Data excerpt: Begin

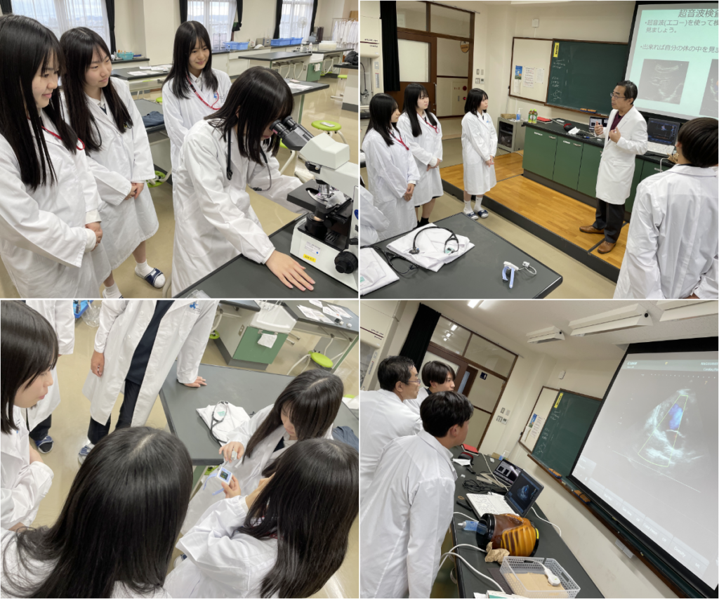 生徒たちは、赤血球や白血球を電子顕微鏡で観察したり、聴診器で自分や友だちの心音を聞いたり、エコーで自分の心臓の動きを確認したりと、実際に医療現場で使われている器具を使って貴重な体験をさせていただきました。
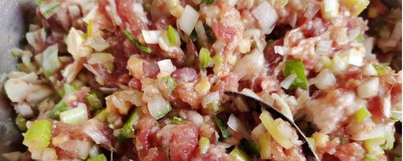 将拍扁的大葱剁入肉里,同时加入姜一起剁馅,将葱姜慢慢剁融合于肉里,为了保持剁的均匀,剁好一面,用刀把下面的翻过来继续剁,如此往复,将肉馅剁细腻即可。
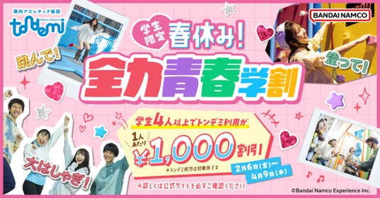株式会社バンダイナムコエクスペリエンスが企画・プロデュースする屋内アスレチック施設『トンデミ』の対象店舗(※1)にて、2026年2月6日(金)~4月9日(木)の期間、「春休み!青春全力学割」を実施します。
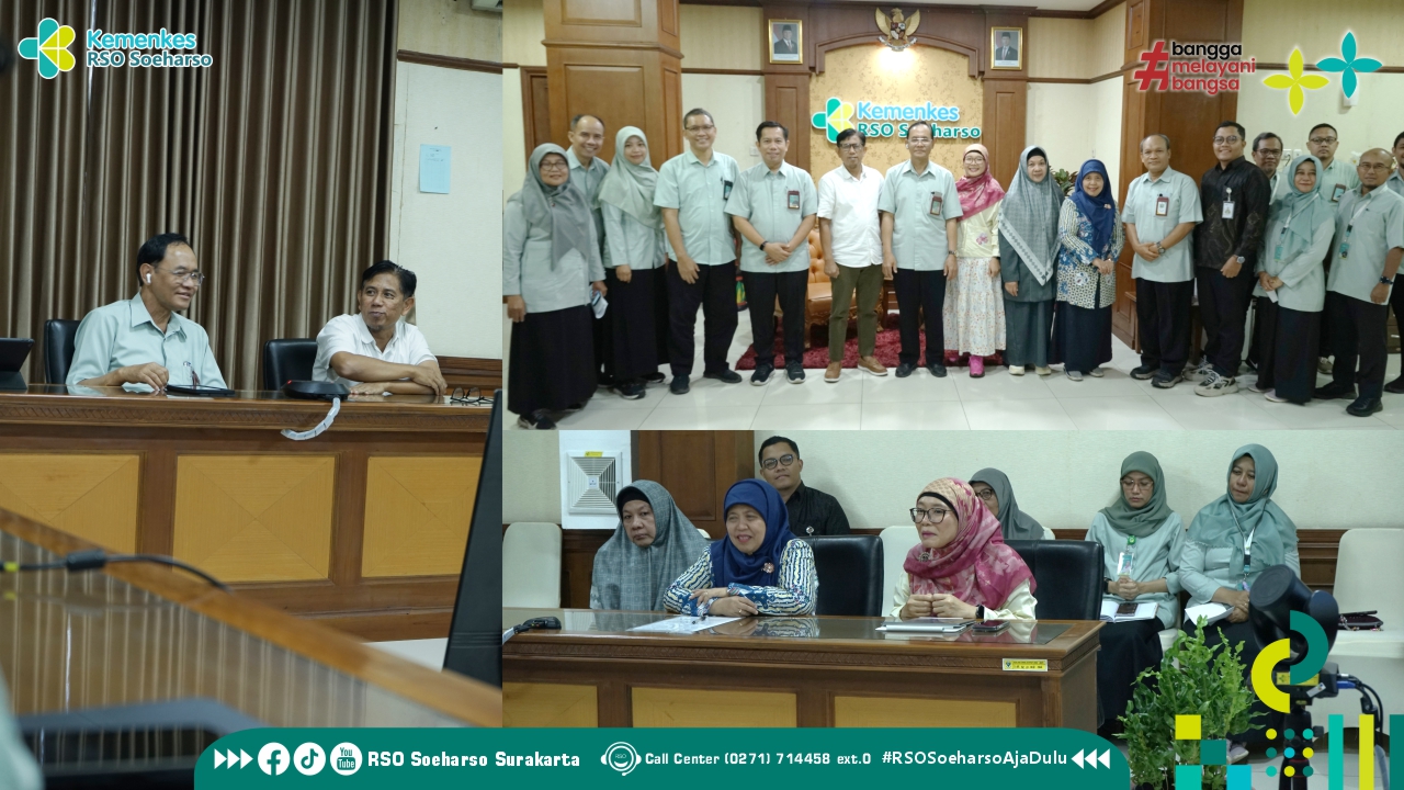 Surakarta (10/12) – RSO Soeharso Surakarta mendapat kunjungan dan koordinasi PKS dari RS AR Fakhrudin UMS Sukoharjo. Direktur Utama RSO Soeharso Surakarta Dr. dr. Romaniyanto, SpOT (K), Spine, MARS. beserta jajaran direksi lainnya serta Ketua Tim Kerja Pelayanan Penunjang, Ketua Tim Kerja Hukum dan Humas, Ketua Tim Kerja Pelaksana Keuangan dan Ketua Tim Kerja Akuntansi dan BMN menerima langsung Tim RS AR Fakhrudin UMS Prof. Dr. dr. EM Sutrisna, M.Kes.,selaku Direktur RS AR Fakhrudin UMS, dr. Purbawati, MPH., selaku Wakil Direktur, dr. Restu

Data excerpt: End

> **How to complete this task**
The reply must hold every line above exactly as written and none of the pictures.

> **Task answer**
 生徒たちは、赤血球や白血球を電子顕微鏡で観察したり、聴診器で自分や友だちの心音を聞いたり、エコーで自分の心臓の動きを確認したりと、実際に医療現場で使われている器具を使って貴重な体験をさせていただきました。
 将拍扁的大葱剁入肉里,同时加入姜一起剁馅,将葱姜慢慢剁融合于肉里,为了保持剁的均匀,剁好一面,用刀把下面的翻过来继续剁,如此往复,将肉馅剁细腻即可。
株式会社バンダイナムコエクスペリエンスが企画・プロデュースする屋内アスレチック施設『トンデミ』の対象店舗(※1)にて、2026年2月6日(金)~4月9日(木)の期間、「春休み!青春全力学割」を実施します。
 Surakarta (10/12) – RSO Soeharso Surakarta mendapat kunjungan dan koordinasi PKS dari RS AR Fakhrudin UMS Sukoharjo. Direktur Utama RSO Soeharso Surakarta Dr. dr. Romaniyanto, SpOT (K), Spine, MARS. beserta jajaran direksi lainnya serta Ketua Tim Kerja Pelayanan Penunjang, Ketua Tim Kerja Hukum dan Humas, Ketua Tim Kerja Pelaksana Keuangan dan Ketua Tim Kerja Akuntansi dan BMN menerima langsung Tim RS AR Fakhrudin UMS Prof. Dr. dr. EM Sutrisna, M.Kes.,selaku Direktur RS AR Fakhrudin UMS, dr. Purbawati, MPH., selaku Wakil Direktur, dr. Restu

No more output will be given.